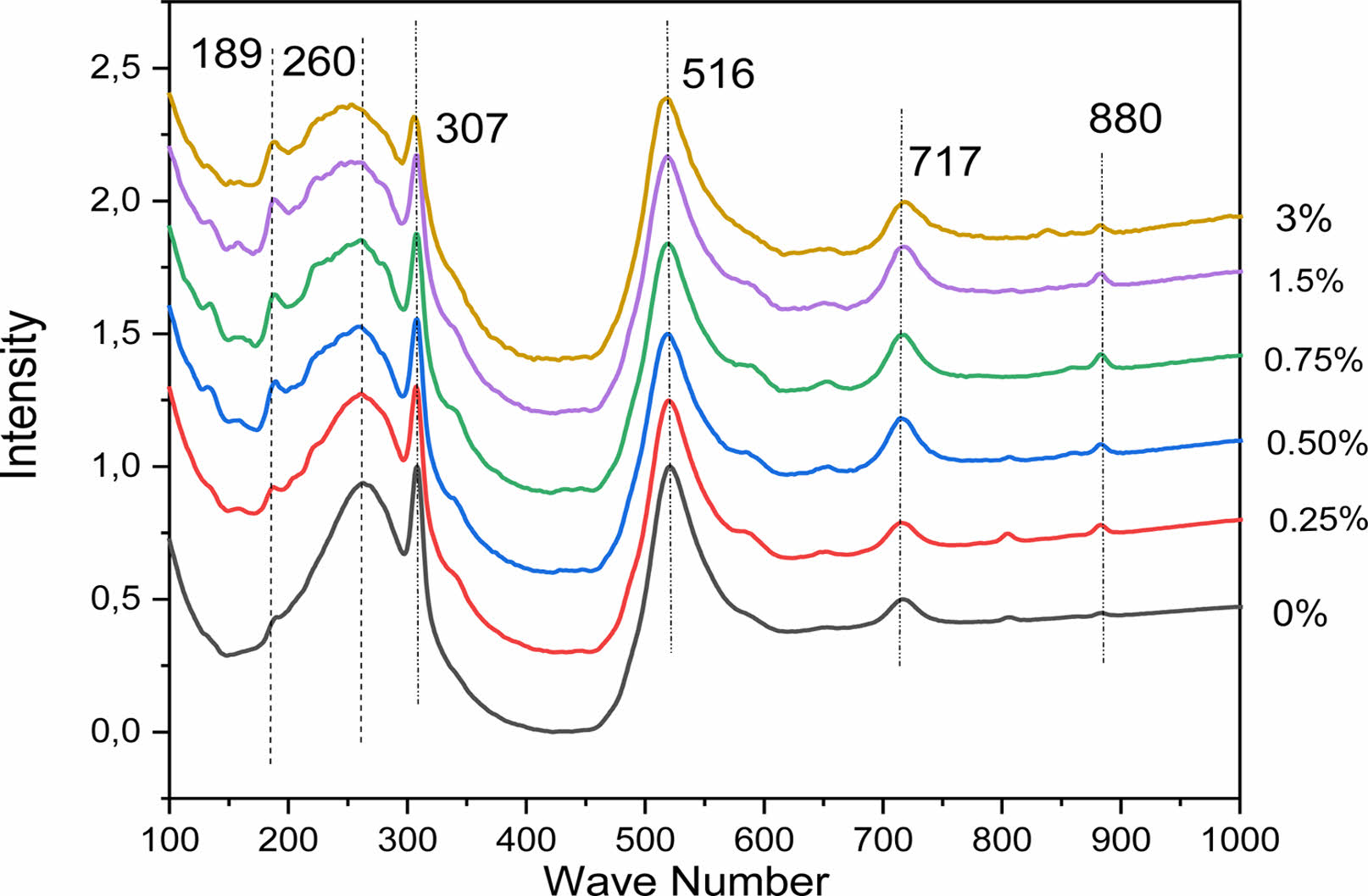 Raman spectroscopy has been used to study the expected structural phase transition in La-doped BaTiO3 samples. This technique is usefull to observe the vibration modes, rotation and other low frequencies in the system. Fig. 4 shows the Raman spectra of the Ba1-xLaxTiO3 samples recorded at room temperature as a function of the lanthanum concentration in the range of 100-1000 cm-1. It is known that in the single tetragonal crystal BT (P4mm), the Raman modes are the [A1 (TO1)] mode at 165 cm-1, the [A1 (TO2)] mode at 264 cm-1, a peak associated with [ B1, E (LO, TO)] mode at 307 cm-1, [A1(TO3)] mode at 516 cm-1 and [A1 (LO3), E (LO)] mode at 720 cm-1 [18]. Although the cubic phase theoretically does not reveal any active Raman mode, generally, Raman analysis shows broad bands around 250 and 520 cm-1, which may be caused by a local disorder associated with the position of Ti atoms [26]. In Fig. 4, most of the Raman peaks could be assigned to those of the tetragonal phase.
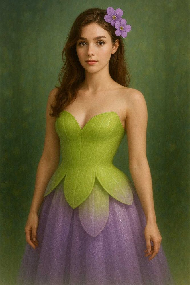 植物のムシトリスミレをモチーフにしたワンピースドレスを纏ったセクシー美女を描いて
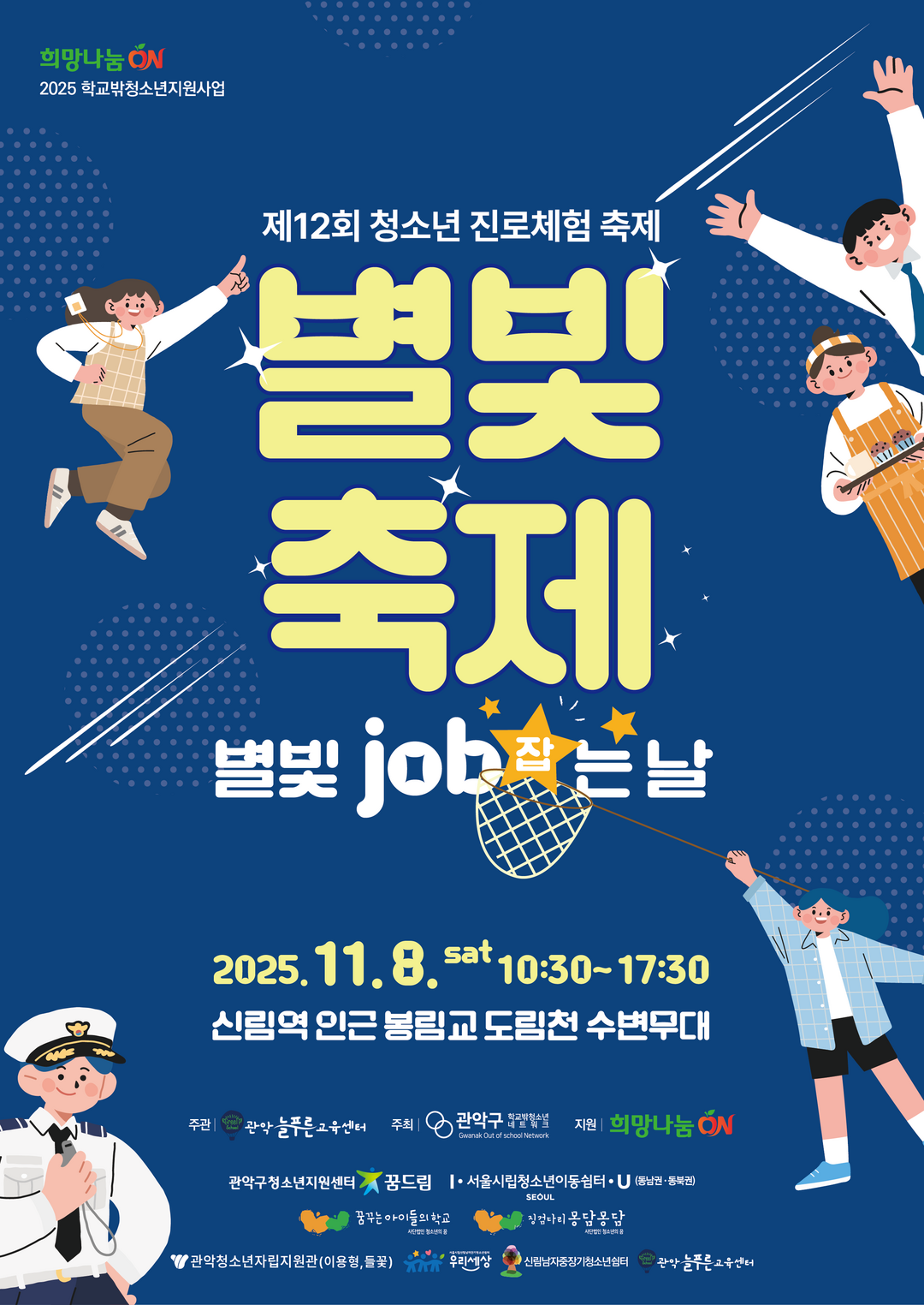 [피앤피뉴스=마성배 기자] 서울시 관악구 학교밖청소년네트워크(이하 관학넷)는 오는 11월 8일(토) 오전 10시 30분부터 오후 5시 30분까지 관악구 도림천 수변무대 일대에서 제12회 청소년 진로체험 축제 ‘별빛 축제 – 별빛 job(잡)는날’을 개최한다고 밝혔다.

[ASSIGNMENT] Skip the pictures and copy exactly the lines from the one containing "植物のムシトリスミレをモチー" through the end of the material, both ends included.

[ANSWER BOX]
 植物のムシトリスミレをモチーフにしたワンピースドレスを纏ったセクシー美女を描いて
 [피앤피뉴스=마성배 기자] 서울시 관악구 학교밖청소년네트워크(이하 관학넷)는 오는 11월 8일(토) 오전 10시 30분부터 오후 5시 30분까지 관악구 도림천 수변무대 일대에서 제12회 청소년 진로체험 축제 ‘별빛 축제 – 별빛 job(잡)는날’을 개최한다고 밝혔다.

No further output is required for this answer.